**** DATASET RECORDS
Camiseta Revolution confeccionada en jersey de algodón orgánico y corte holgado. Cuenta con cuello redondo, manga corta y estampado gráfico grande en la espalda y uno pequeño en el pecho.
********
**** DATASET RECORDS
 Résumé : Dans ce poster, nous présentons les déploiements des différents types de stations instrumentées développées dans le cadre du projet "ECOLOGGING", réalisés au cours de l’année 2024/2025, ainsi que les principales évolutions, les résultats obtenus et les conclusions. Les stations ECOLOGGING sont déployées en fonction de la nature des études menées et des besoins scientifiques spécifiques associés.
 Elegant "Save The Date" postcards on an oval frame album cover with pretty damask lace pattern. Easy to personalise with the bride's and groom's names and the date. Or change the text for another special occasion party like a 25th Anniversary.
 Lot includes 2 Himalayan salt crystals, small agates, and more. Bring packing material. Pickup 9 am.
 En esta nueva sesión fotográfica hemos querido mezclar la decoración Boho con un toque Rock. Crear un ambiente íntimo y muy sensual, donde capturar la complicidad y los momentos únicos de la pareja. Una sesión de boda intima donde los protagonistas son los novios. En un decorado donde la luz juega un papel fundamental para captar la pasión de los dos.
********
> _WORK TO COMPLETE_:
Taking the records above, retype every line from the one with "Résumé : Dans" down to the one with "Lot includes 2", exactly and with nothing else.

> _REPLY_:
 Résumé : Dans ce poster, nous présentons les déploiements des différents types de stations instrumentées développées dans le cadre du projet "ECOLOGGING", réalisés au cours de l’année 2024/2025, ainsi que les principales évolutions, les résultats obtenus et les conclusions. Les stations ECOLOGGING sont déployées en fonction de la nature des études menées et des besoins scientifiques spécifiques associés.
 Elegant "Save The Date" postcards on an oval frame album cover with pretty damask lace pattern. Easy to personalise with the bride's and groom's names and the date. Or change the text for another special occasion party like a 25th Anniversary.
 Lot includes 2 Himalayan salt crystals, small agates, and more. Bring packing material. Pickup 9 am.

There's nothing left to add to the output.